→ **TASK GOAL**:
I'd like the entire listing output verbatim, apart from the pictures.

→ **DATA SHOWN**:
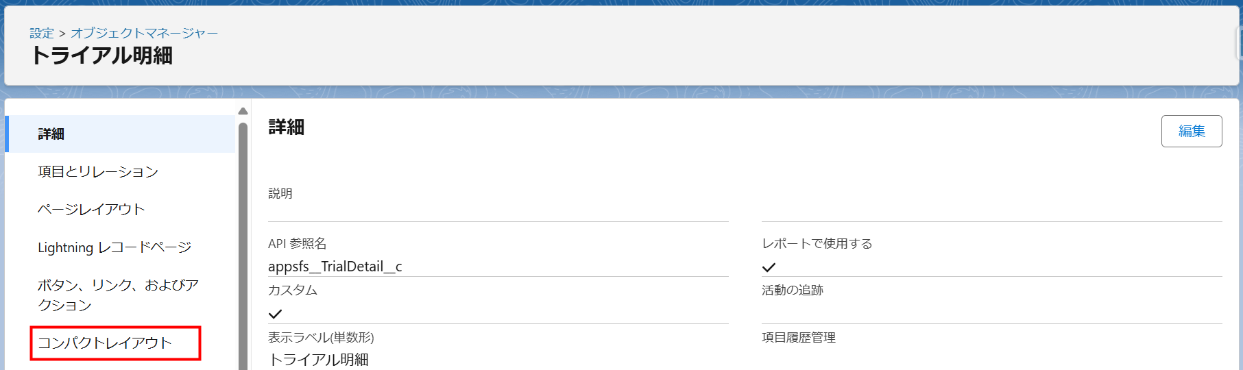 v1.7より追加されたトライアル管理機能を利用する場合は、「トライアル明細」のコンパクトレイアウトを「TrialDetailCompactLayouts」に変更します。
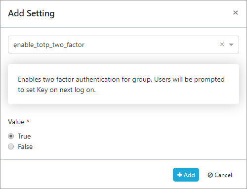 Select the “enable_totp_two_factor” setting and select True to add to all of the users in the group
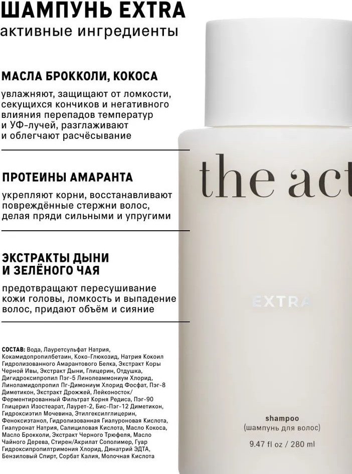 The Act Набор средств по уходу за волосами «Extra»В данный момент этот товар отсутствует в продаже. Возможно, у нас найдется аналогичный или похожий товар здесь. Волосы потеряли блеск и силу, стали тонкими и тусклыми, легко запутываются и быстро теряют объём? Значит им нужно качественное восстановление на основе масел и растительных протеинов. Шампунь и кондиционер для волос Extra гармонично дополняют друг друга, даря волосам бережное очищение без пересушивания и интенсивное восстановление. |
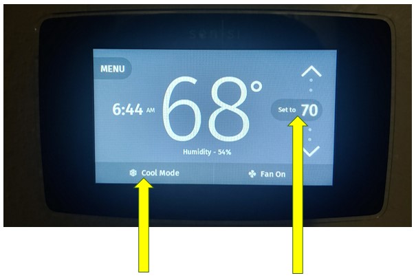Left: Touch here to change between Heat and Cool

→ **EXERCISE OUTPUT**:
 v1.7より追加されたトライアル管理機能を利用する場合は、「トライアル明細」のコンパクトレイアウトを「TrialDetailCompactLayouts」に変更します。
 Select the “enable_totp_two_factor” setting and select True to add to all of the users in the group
 The Act Набор средств по уходу за волосами «Extra»В данный момент этот товар отсутствует в продаже. Возможно, у нас найдется аналогичный или похожий товар здесь. Волосы потеряли блеск и силу, стали тонкими и тусклыми, легко запутываются и быстро теряют объём? Значит им нужно качественное восстановление на основе масел и растительных протеинов. Шампунь и кондиционер для волос Extra гармонично дополняют друг друга, даря волосам бережное очищение без пересушивания и интенсивное восстановление. |
Left: Touch here to change between Heat and Cool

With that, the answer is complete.